The current estimates for the global patient pool for this type of
device are about 70,000 per year. At an average $50,000 U.S. cost per
VAD, this translates into a $3.5 billion per year market. Current
treatments for heart failure are primarily medication and heart
transplantation. Medication can provide symptomatic relief for some
patients but often have side effects, and the supply of hearts for
transplants is limited to about 3,000.
The HeartSaver appears to be the technical leader in all respects, since
it is capable of being remotely powered (no wires perforating the skin),
monitored and controlled, and totally implantable in the chest cavity.

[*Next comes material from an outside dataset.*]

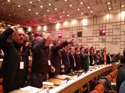 Наша сила – в нашей солидарности, товарищи. Поэтому закончить я хочу нашим великим лозунгом: «Пролетарии всех стран, соединяйтесь!».

It uses a patented transcutaneous energy transfer (TET) system and a
biotelemetry data transfer system which allows the VAD to be remotely
controlled and monitored. There appears to be only two other
competitors, both of whom are already in clinical trials: Thermo
Cardiosystems and Novacor Division of Baxter Healthcare Corp. Both of
their VADs are heavier and are designed to be implanted in the abdomen,
and have either power leads and/or venting tubes which perforate the
patients' exterior protective skin tissue (consequently, they are not
totally implantable). The market cap for Thermo is currently a
staggering $1.025 Billion U.S., while the market cap for World Heart
Corp is approximately $50 million.
The major shareholders of World Heart include its CEO, Rod Bryden
(founder of SHL Systemhouse and Paperboard Industries), Michael
Cowpland, President and CEO of Corel Corp, Dr. Tofy Mussivand, the
HeartSavers principal inventor, and the Ottawa Heart Institute Research
Corporation, where the HeartSaver was developed. The Director of the
Ottawa Heart Institute is Dr. Wilbert Keon, one of the world's leading
This is not a microcap "basement operation" by any stretch. The project
has already received $18 million U.S. in government funding, with
another $4 million already approved. Sixteen R&D personnel are working
on the HeartSaver full time. Rod Bryden's two companies which he started
from scratch were worth $1.0 billion U.S. in 1991 when he stepped down
as CEO and became chairman of SC Stormont Company, a financial advisory
company. Says Bryden, "I have never seen a product with the competitive
advantage HeartSaver has. This is by far the best commercial opportunity
I've ever been presented with. Bar none."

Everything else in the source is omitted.